#### [Material supplied]

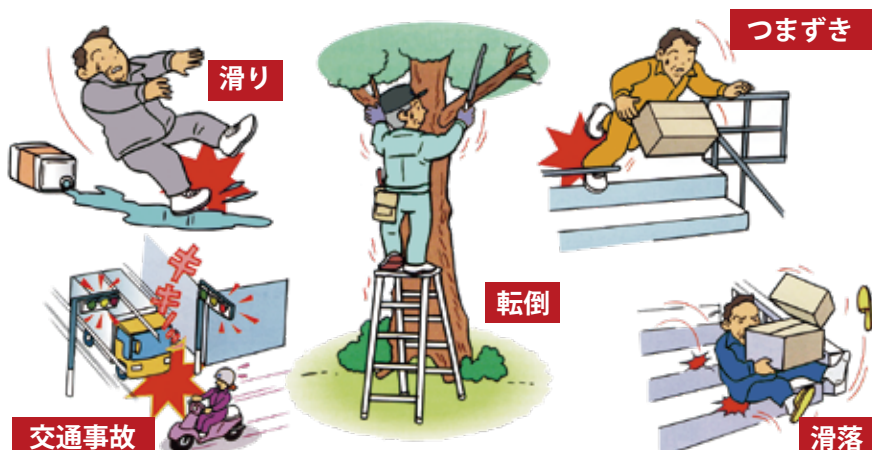
▶ 就業中の事故やケガの原因は、気のゆるみや注意不足が多い

たことが原因となっています。せっかく仕事をしてもらっても事故(人身も物損も)になってしまったりは元も子ありません。再度「心にゆとりを持って」安全就業を心がけましょう。
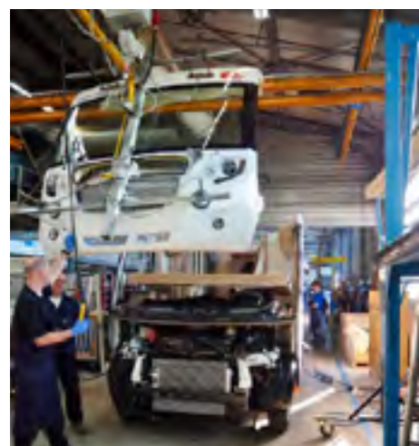
Spectaculair gezicht: het front hangt klaar voor montage
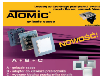
System gniazda ATOMIC
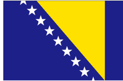
ボスニア・ヘルツェゴビナの国旗

また、今回のホームステイにはホームメイトもいます。ホームメイトは中国出身です。家族みんなすごく優しく、楽しく過ごしています！あまり一緒に出掛けることはないのですが、ご飯の時にみんなで話しています。休みの日にはホストマザーと日本からのお土産の組子と一緒に作りました。
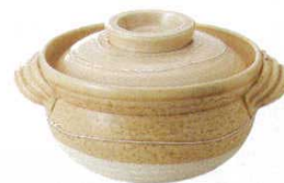
ヨ-34410 635717 3,000円 萩一珍1合炊きご飯釜 1×18入 17×17×9cm
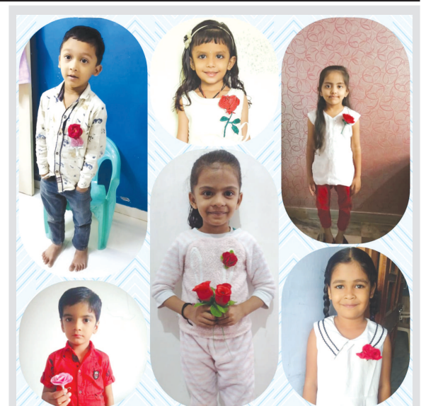
ઈન્ટરનેશનલ પબ્લિક સ્કૂલમાં બાલદિનની ઉજવણી ગાંધીનગર ઈન્ટરનેશનલ પબ્લિક સ્કૂલમાં પ્રિ.પ્રાઈમરી વિભાગમાં બાલદિનની ઉજવણી કરવામાં આવી હતી. જેમાં બાળકોને ચાચા નહેરુ વિષે જાણકારી આપવામાં આવી હતી અને બાળકોએ કાગળમાંથી કમળ બનાવ્યું હતું. બાલદિન નિમિત્તે બાળકોએ શિક્ષકોના સાથ સહકારથી ઉત્સાહપૂર્વક ઉજવણી કરી હતી.
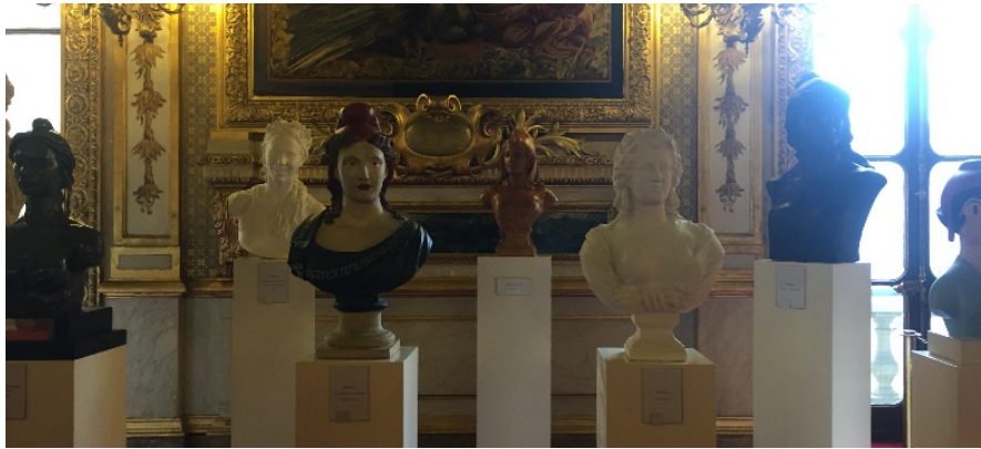
Figure 1 Exposition des bustes de Marianne conservés par le Sénat. Photographie personnelle, Palais du Luxembourg, février 2020.

Pour la Marianne de l'identité visuelle de l'État, à l'issue de la consultation de 1998, l'agence décida qu'elle serait représentée de profil, au centre d'un rectangle bleu, blanc et rouge. Il restait encore à savoir quels traits lui donner. L'agence mit en concurrence deux illustratrices. L'épreuve d'Isabelle Bauret, « une pro de l'univers féminin » (soit une dessinatrice de mode et de presse pour le magazine Marie-Claire ), a été sélectionnée à l'issue d'une étude qualitative — six réunions de groupe orchestrées par la société de sondages TNS SOFRES (figure 2). « J'avais dessiné des profils plus jetés, mais cela ne fonctionnait pas. Il ne s'agit pas ici d'un délire d'imaginaire, mais d'un profil très classique où chacun finalement peut projeter ce qu'il désire... », se souvient la dessinatrice (citée par Guiard, 1999, 38). Après quelques allers-retours avec le SIG, le profil jugé trop « poupée Barbie », puis « trop grec », fut proposé à des panels convoqués par l'institut de sondages. « Le projet d'identifiant unique pour l'État testé a tout pour être, non seulement accepté et apprécié, mais aussi accueilli avec joie : il sait véhiculer les valeurs recherchées, il suggère un État plus proche, sécurisant, plus humain et moins critiquable en le connotant d'une majesté et d'une puissance imaginaire renouvelées... », concluait l'étude (citée par Candiard, 2016, 39).
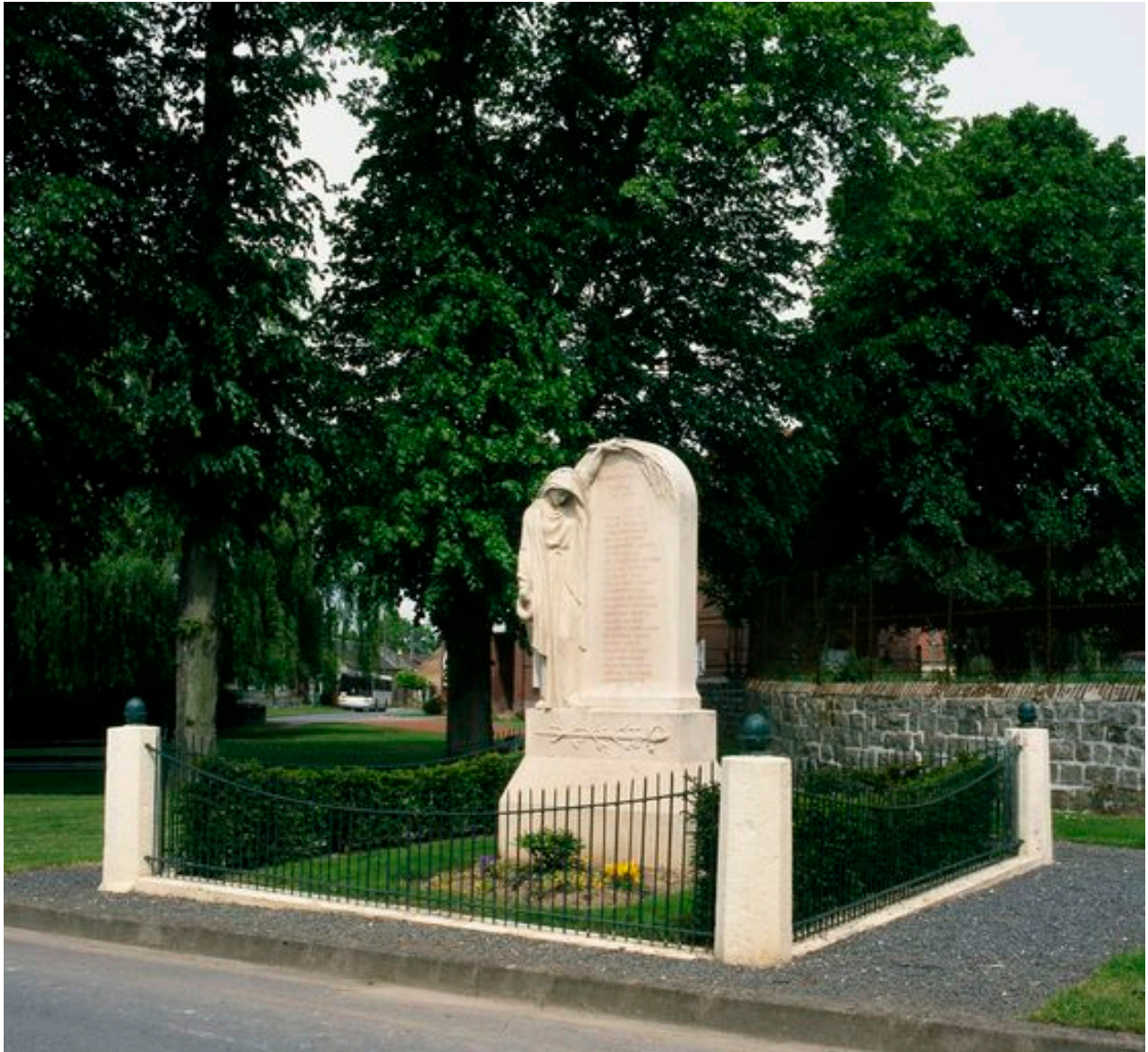
Vue générale depuis le sud-est.

#### [About this task]
Exact copy, no pictures: reproduce the whole listing above.

#### [Solution to the exercise]
▶ 就業中の事故やケガの原因は、気のゆるみや注意不足が多い

たことが原因となっています。せっかく仕事をしてもらっても事故(人身も物損も)になってしまったりは元も子ありません。再度「心にゆとりを持って」安全就業を心がけましょう。
Spectaculair gezicht: het front hangt klaar voor montage
System gniazda ATOMIC
ボスニア・ヘルツェゴビナの国旗

また、今回のホームステイにはホームメイトもいます。ホームメイトは中国出身です。家族みんなすごく優しく、楽しく過ごしています！あまり一緒に出掛けることはないのですが、ご飯の時にみんなで話しています。休みの日にはホストマザーと日本からのお土産の組子と一緒に作りました。
ヨ-34410 635717 3,000円 萩一珍1合炊きご飯釜 1×18入 17×17×9cm
ઈન્ટરનેશનલ પબ્લિક સ્કૂલમાં બાલદિનની ઉજવણી ગાંધીનગર ઈન્ટરનેશનલ પબ્લિક સ્કૂલમાં પ્રિ.પ્રાઈમરી વિભાગમાં બાલદિનની ઉજવણી કરવામાં આવી હતી. જેમાં બાળકોને ચાચા નહેરુ વિષે જાણકારી આપવામાં આવી હતી અને બાળકોએ કાગળમાંથી કમળ બનાવ્યું હતું. બાલદિન નિમિત્તે બાળકોએ શિક્ષકોના સાથ સહકારથી ઉત્સાહપૂર્વક ઉજવણી કરી હતી.
Figure 1 Exposition des bustes de Marianne conservés par le Sénat. Photographie personnelle, Palais du Luxembourg, février 2020.

Pour la Marianne de l'identité visuelle de l'État, à l'issue de la consultation de 1998, l'agence décida qu'elle serait représentée de profil, au centre d'un rectangle bleu, blanc et rouge. Il restait encore à savoir quels traits lui donner. L'agence mit en concurrence deux illustratrices. L'épreuve d'Isabelle Bauret, « une pro de l'univers féminin » (soit une dessinatrice de mode et de presse pour le magazine Marie-Claire ), a été sélectionnée à l'issue d'une étude qualitative — six réunions de groupe orchestrées par la société de sondages TNS SOFRES (figure 2). « J'avais dessiné des profils plus jetés, mais cela ne fonctionnait pas. Il ne s'agit pas ici d'un délire d'imaginaire, mais d'un profil très classique où chacun finalement peut projeter ce qu'il désire... », se souvient la dessinatrice (citée par Guiard, 1999, 38). Après quelques allers-retours avec le SIG, le profil jugé trop « poupée Barbie », puis « trop grec », fut proposé à des panels convoqués par l'institut de sondages. « Le projet d'identifiant unique pour l'État testé a tout pour être, non seulement accepté et apprécié, mais aussi accueilli avec joie : il sait véhiculer les valeurs recherchées, il suggère un État plus proche, sécurisant, plus humain et moins critiquable en le connotant d'une majesté et d'une puissance imaginaire renouvelées... », concluait l'étude (citée par Candiard, 2016, 39).
Vue générale depuis le sud-est.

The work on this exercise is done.